I'm sorry you are going through this. It can sometimes take up to a year to get them trained. What method had you been using?


----------



## ShilohsMom (Jun 25, 2007)

Make sure you don' leave food down all day at this point. Feed your baby on a set schedule until you can get his potty habits under control. That way his bathroom times wil be easier for you to pinpoint and monitor. Good luck to you and I know sometimes it takes the patience of a saint. My little guy was very easy and we crate trained him to potty outside. At what age did you get this pup?


----------



## my ragamuffin (Apr 16, 2007)

> I'm sorry you are going through this. It can sometimes take up to a year to get them trained. What method had you been using?[/B]


Oh thank you for the encouragment! Are there any of you out there, that can say their pup took more than 7 months to get it. I just hope that he can still get trained. I have tried the crate, the pee pads and outside seems to work the best for him. 
Anyone else with any thoughts or encouraging testimonies?


----------



## elly (Sep 11, 2006)

Ellie took almost a year, I would keep him on a schedule and give him a very special treat that he only gets when he potties on his pad or outside. I use baby food as a very special treat, just a little but they all love it.

Cathy


----------



## Max & Rocky (May 20, 2004)

> > index.php?act=findpost&pid=446028
> 
> 
> 
> ...


It would help us if we knew more details of what you are doing, your routine, how much freedom he gets and so on. I believe that consistency in your routine is a really big part their understand what is expected and learning. For instance, you must always take him to potty within a few minutes of his waking in the morning, and a little while after he eats. Watch him carefully and you will probably notice there are specific other times when he will need to go... and so you must adjust your routine to what he needs. Also, you must limit his ability to roam to a room or where you and your family typically spend your time and can watch him. If I give mine access to the entire house, I can be pretty certain that someone will have an accident after a few days. One final question, when he has an accident, what steps are taking to clean up all traces of the accident? Their potty routine is largely determined by habit and by scent... and their noses are far more sensitive than ours.


----------



## my ragamuffin (Apr 16, 2007)

Thanks again everyone - I have had him since he was 14 weeks. I only feed him twice a day. I did the crate thing and am still doing it. I take him potty after eating, after napping, first thing in the morning and many time in between. I keep a close eye on him. If he do not go potty I put him back in the crate for about 10 min. and try again. And like I said why did he do so well for 3 weeks and now back track? I am just hoping that it can sometimes be normal for it to take a bit longer for some dogs, or is there a possibility that he will never train?
Thanks again for all your help, it is appreciated as I am at my wits end!!


----------



## camfan (Oct 30, 2006)

> Thanks again everyone - I have had him since he was 14 weeks. I only feed him twice a day. I did the crate thing and am still doing it. I take him potty after eating, after napping, first thing in the morning and many time in between. I keep a close eye on him. If he do not go potty I put him back in the crate for about 10 min. and try again. And like I said why did he do so well for 3 weeks and now back track? I am just hoping that it can sometimes be normal for it to take a bit longer for some dogs, or is there a possibility that he will never train?
> Thanks again for all your help, it is appreciated as I am at my wits end!![/B]

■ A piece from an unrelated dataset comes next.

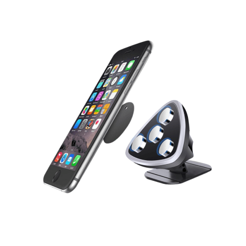 Our Magnetic Triangle Phone Mount features a sticky bottom that adheres soundly to your dashboard with ease.
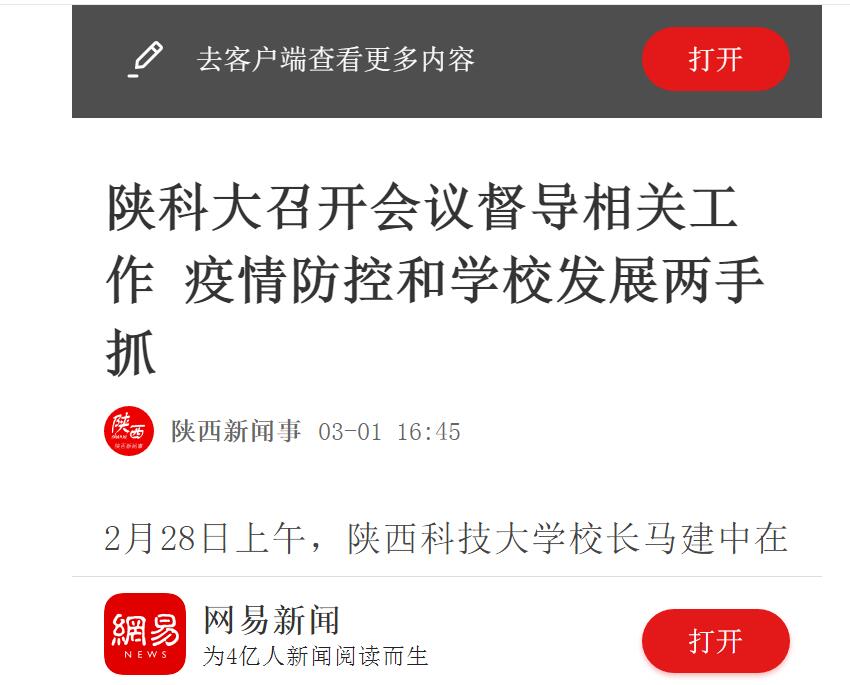 網(wǎng)易新聞APP:陜科大召開會(huì)議督導(dǎo)相關(guān)工作 疫情防控和學(xué)校發(fā)展兩手抓

Since you keep a close eye on him...what do you do when you catch him in the act of having an accident? When you see him going in an inappropriate spot, have you tried immediately picking him up and giving him a swift "NO!" and putting him straight on the pad or outdoors and say "potty!" Then, when he goes where he is supposed to go, make a huge deal out of it and reward him. I really believe that if you are as consistant as you say you are, then he'll catch on. If you feel like you are doing absolutely everything right and are not getting anywhere, then I'd give his vet a call. Best of luck!!


----------



## jmm (Nov 23, 2004)

1. Rule out a medical problem. Have the vet test a urine sample to be on the safe side. 

2. You need to stick to one method, one schedule, and be consistent every day. Write out your schedule and make copies. Put one on the fridge each day and check things off. 

3. Is he having accidents while you are watching? Is he aware of it? 

4. What type of confinement do you use when he is out of his crate? You should be actively watching him (not doing anything other than watching him) or he should be leashed to your body. No wandering. No freedom. 

5. Does he mark at all or need to urinate more than once to totally empty his bladder? Markers won't usually empty on the first time so you need to make sure he goes again (if I take Soda to a mark-friendly place, we say 3 pee's). Some dogs just have a habit of going 2-3 times and that's just normal for them. However, as I said in #1, it would be pertinent to check a urine sample in this case. 

6. Don't forget to tell him when he's doing something right! Yummy treats for pottying in the right place. If you want to work on behaviors like sit or down, keep some treats handy. When he does it, say "YES" and treat him. If he's laying quietly and being a good boy, calmly reward him. We often forget to remind our dogs of their good behavior when it is quiet. 

7. Ignore his accidents. Saying "no" and upsetting or punishing him will only make him not urinate or defecate in front of you. That won't help you in rewarding him for going in the right place. Simply put him in his crate or take him out to finish and then put him in his crate. Clean up the accident. Use an enzymatic cleaner. I've gone to spraying a little vinegar water once the spots dry since my dogs in general don't seem to like to sniff it. If you have places he's gone a lot, borrow or buy a Little Green Machine. Those things are awesome! 

8. Going along with the be consistent, pick ONE place for him to potty. Whether it is the pee pad in one spot in the hour or one spot in the yard outdoors. This is where he goes every time. It helps establish routine and smells like his spot. 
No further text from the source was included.